Consider Vice President Al Gore's decades-long crusade to raise awareness of global warming. Gore is, by many accounts, an introvert. "If you send an introvert into a reception or an event with a hundred other people he will emerge with less energy than he had going in," says a former aide. "Gore needs a rest after an event." Gore acknowledges that his skills are not conducive to stumping and speechmaking. "Most people in politics draw energy from backslapping and shaking hands and all that," he has said. "I draw energy from discussing ideas."

But combine that passion for thought with attention to subtlety—both common characteristics of introverts—and you get a very powerful mix. In 1968, when Gore was a college student at Harvard, he took a class with an influential oceanographer who presented early evidence linking the burning of fossil fuels with the greenhouse effect. Gore's ears perked up.

He tried to tell others what he knew. But he found that people wouldn't listen. It was as if they couldn't hear the alarm bells that rang so loudly in his ears.

"When I went to Congress in the middle of the 1970s, I helped organize the first hearings on global warming," he recalls in the Oscar-winning movie An Inconvenient Truth—a film whose most stirring action scenes involve the solitary figure of Gore wheeling his suitcase through a midnight airport. Gore seems genuinely puzzled that no one paid attention: "I actually thought and believed that the story would be compelling enough to cause a real sea change in the way Congress reacted to that issue. I thought they would be startled, too. And they weren't."

But if Gore had known then what we know now about Kagan's research, and Aron's, he might have been less surprised by his colleagues' reactions. He might even have used his insight into personality psychology to get them to listen. Congress, he could have safely assumed, is made up of some of the least sensitive people in the country—people who, if they'd been kids in one of Kagan's experiments, would have marched up to oddly attired clowns and strange ladies wearing gas masks without so much as a backward glance at their mothers. Remember Kagan's introverted Tom and extroverted Ralph? Well, Congress is full of Ralphs—it was designed for people like Ralph. Most of the Toms of the world do not want to spend their days planning campaigns and schmoozing with lobbyists.

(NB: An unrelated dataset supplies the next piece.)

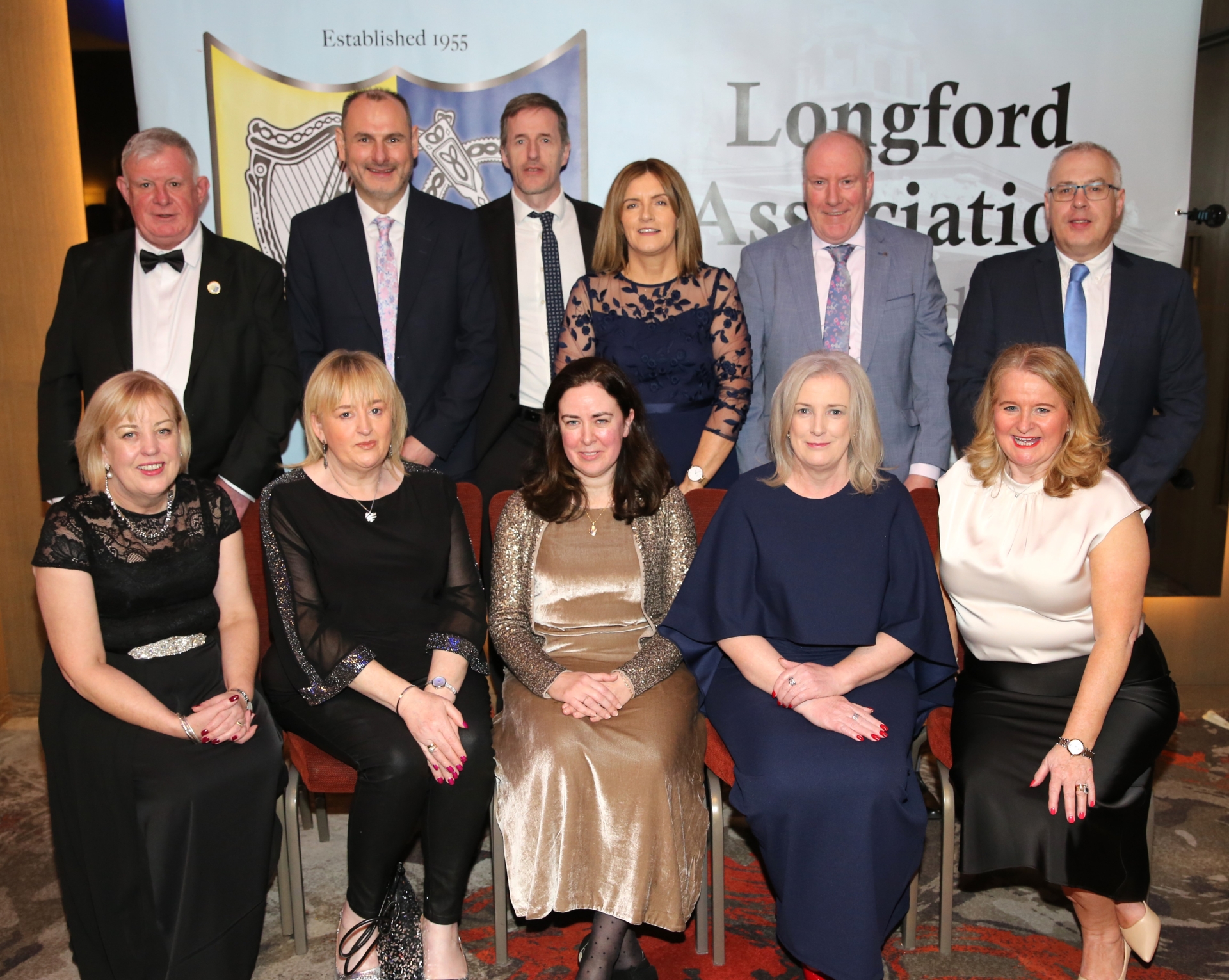 Caption: Dan and Helen Keogh, Peter and Adrianne Egan, Martin and Siobhan O'Donoghue, Hillary Fitzpatrick, Paddy Keogh and Christina Barry, Patrick and Camillus Mullaney at the 69th Longford Association in London dinner dance at The Clayton Crown Hotel on Saturday, February 1 Picture: Lucia Butler

These Ralph-like Congressmen can be wonderful people—exuberant, fearless, persuasive—but they're unlikely to feel alarmed by a photograph of a tiny crack in a distant glacier. They need more intense stimulation to get them to listen. Which is why Gore finally got his message across when he teamed up with whiz-bang Hollywood types who could package his warning into the special-effects-laden show that became An Inconvenient Truth.

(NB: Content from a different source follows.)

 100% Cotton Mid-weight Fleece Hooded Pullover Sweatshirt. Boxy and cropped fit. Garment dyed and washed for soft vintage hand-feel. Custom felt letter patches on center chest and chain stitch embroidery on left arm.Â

Gore also drew on his own strengths, using his natural focus and diligence to tirelessly promote the movie. He visited dozens of movie theaters across the country to meet with viewers, and gave innumerable TV and radio interviews. On the subject of global warming, Gore has a clarity of voice that eluded him as a politician. For Gore, immersing himself in a complicated scientific puzzle comes naturally. Focusing on a single passion rather than tap dancing from subject to subject comes naturally. Even talking to crowds comes naturally when the topic is climate change: Gore on global warming has an easy charisma and connection with audience members that eluded him as a political candidate. That's because this mission, for him, is not about politics or personality. It's about the call of his conscience. "It's about the survival of the planet," he says. "Nobody is going to care who won or lost any election when the earth is uninhabitable."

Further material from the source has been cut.